U-Boot is configured for the slowest possible NOR speed by defalut. So, copy from NOR is very slow (slowest possible).Board uses AM29LV256MH. connected using 16 bit bus. Data sheet (of NOR) mentions 120ns as the access time (read setup time + read strobe time). read strobe time has to be atleast 40ns. EMIFA runs at 100 MHz EMIFA speed (1/6 th of PLL1 600MHz). i.e. theoretically 12 EMIFA clocks are needed to fetch one short(16 bits bus).

Convention to calculate EMIFA cycles need
 EMIFA cycles = ceil of ("calculated cycles as per data sheets") + 1
                = 12 + 1
one additional clock (+ 1) is to account for crystal/oscillator accuracy.
EMIFA CS2 setting can be any of the following (refer DM6446 EMIF user guide for EMIFA CS2 register)
EMIFA CS2 0x3FFE058D. read setup of 1 clock (register value of 0) + 12 clocks (register value of 11).
EMIFA CS2 0x3FFEC20D. read setup of 7 clocks (register value of 6) + 5 clocks (register value of 4)
read hold time is not needed, but minimum is 1 clock on DM6446 (register value of 0)

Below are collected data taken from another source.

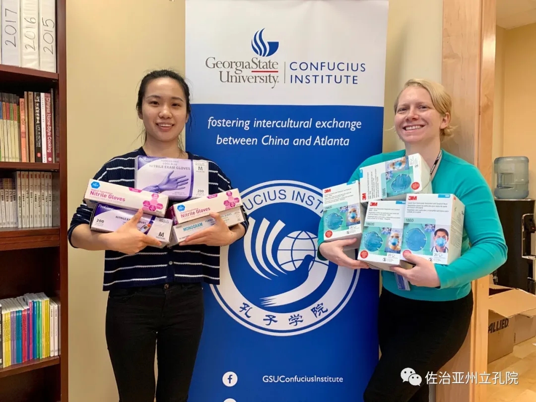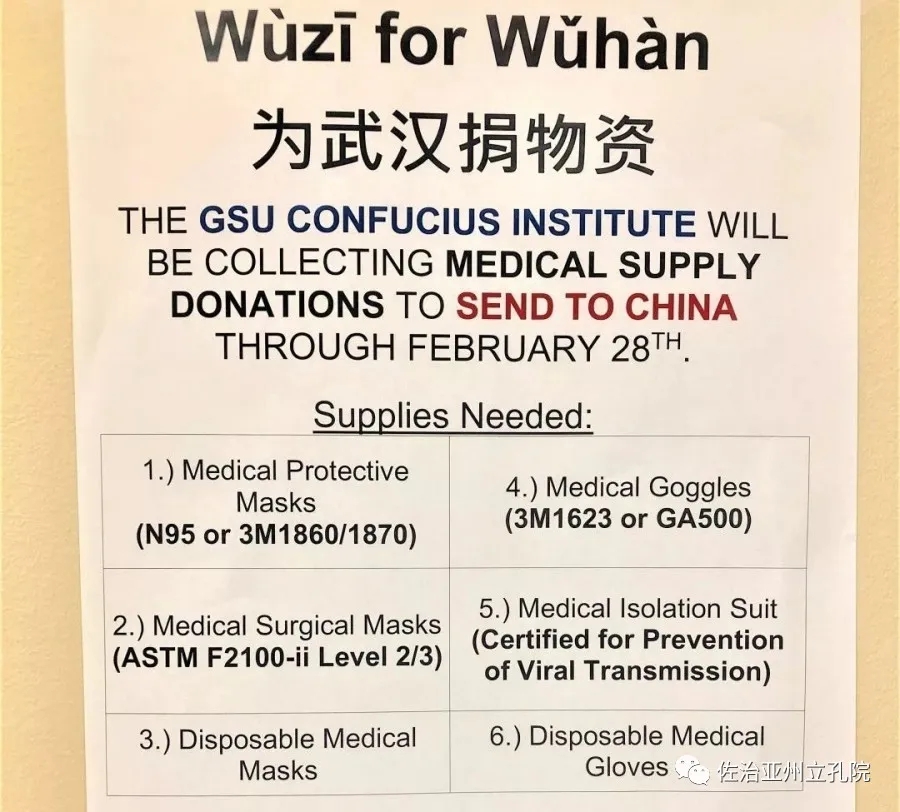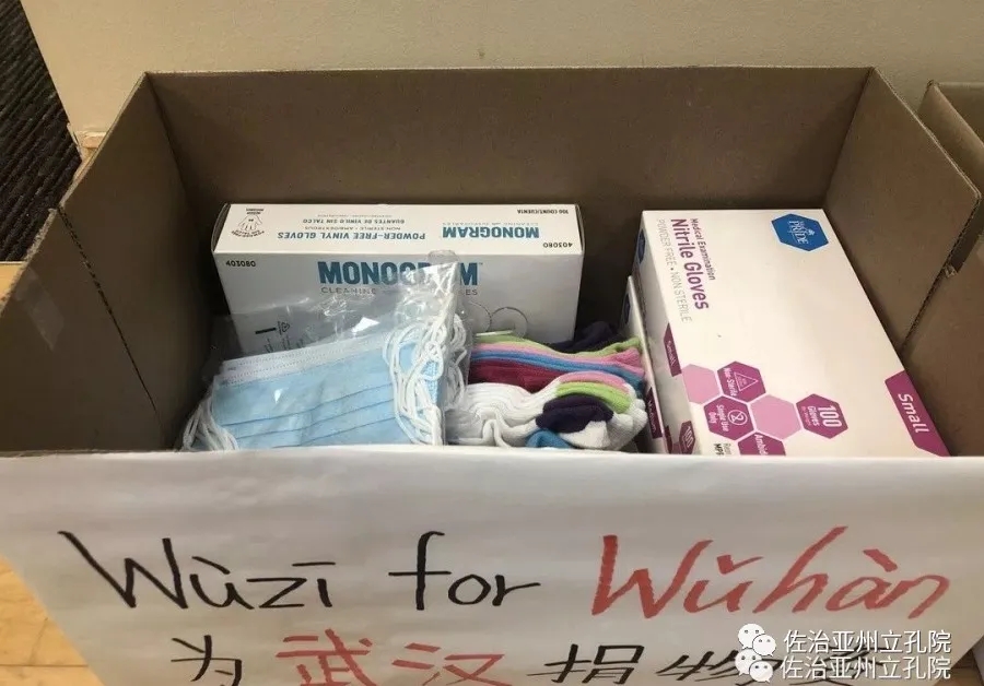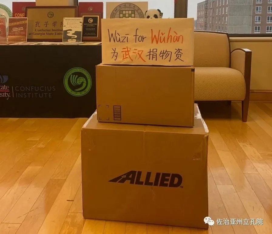 佐治亚州立孔院时刻心系国内疫情,在佐治亚州立大学孔子学院中方院长朱姝和外方执行院长金伯利·亨肖(Kimberly Henshaw)的组织带领下,孔院全体工作人员近两个月在大学一些相关部门收集捐赠物资。孔院将二十多个为武汉募捐的箱子分发在佐治亚州立大学一些部门,外方执行院长金伯利·亨肖(Kimberly Henshaw)还特地为箱子贴上标语“wùzī for wǔhàn”并附上了具体的物资捐赠标准。
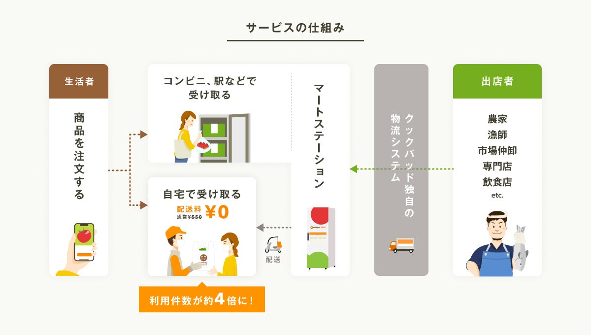 - 生鮮食品EC「クックパッドマート」は、アプリで注文した食材を1品から送料無料で「マートステーション*2」で受け取ることができるサービス
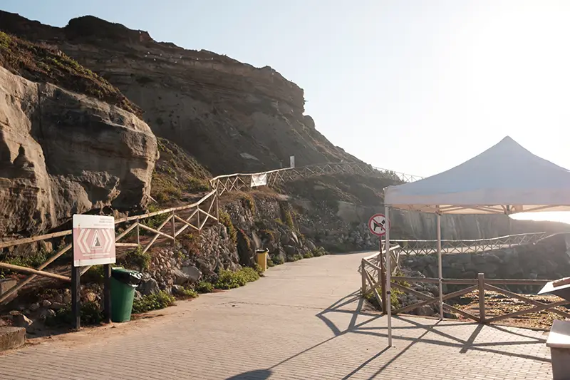 O acesso faz-se por escadas largas e uma rampa que parece escavada na própria pedra. A descida é curta, mas tem algo de cerimonial: à medida que se desce, o areal revela-se, as arribas crescem sobre os ombros, e a praia transforma-se numa espécie de anfiteatro natural onde o tempo se deita a ver o mar.

Changes go into AEMIF NOR initialization part of board/davinci/lowlevel_init.S

ACFG2:                  .word 0x01E00010
ACFG2_VAL:              .word 0x3FFE058D
..
LDR R0, ACFG2
LDR R1, ACFG2_VAL
LDR R2, [R0]
AND R1, R2, R1
STR R1, [R0]
...

Parameter Space

Reduce the U-Boot Parameter Space from 128kB to 2kB.

Changes goino include/configs/davinci.h

#define CFG_ENV_SIZE            0x800


Remove/Relocate I2C communication code

I2C communication in U-Boot is slow and can be removed or relocated outof u-boot init code. Instead of running it as part of init, it can run as part of appropriate command (when u-boot is in interactive mode). On this board, for example, MAC address is read over I2C in board/davinci/davinci.c. Moved it to cmd_net.c

..
netboot_common(...)
..
if(readset_ethaddr_first) {
   /* do I2C communication to get MAC address here */
   readset_ethaddr_first = 0;
}
....

Make NOR to DDR Copy Faster

C Optimization

u-boot memory copy code is not optimal.CPU does byte by byte copy.

Two functions where the copy happens

memmove of lib_generic/string.c
do_mem_cp of common/cmd_mem.c

By writing optimized c routine to copy data (when source and destination are aligned on double boundary) got 0.8MB per 100 milliseconds. i.e. 2.4MB (Kernel+filesystem) copy takes 300 milliseconds.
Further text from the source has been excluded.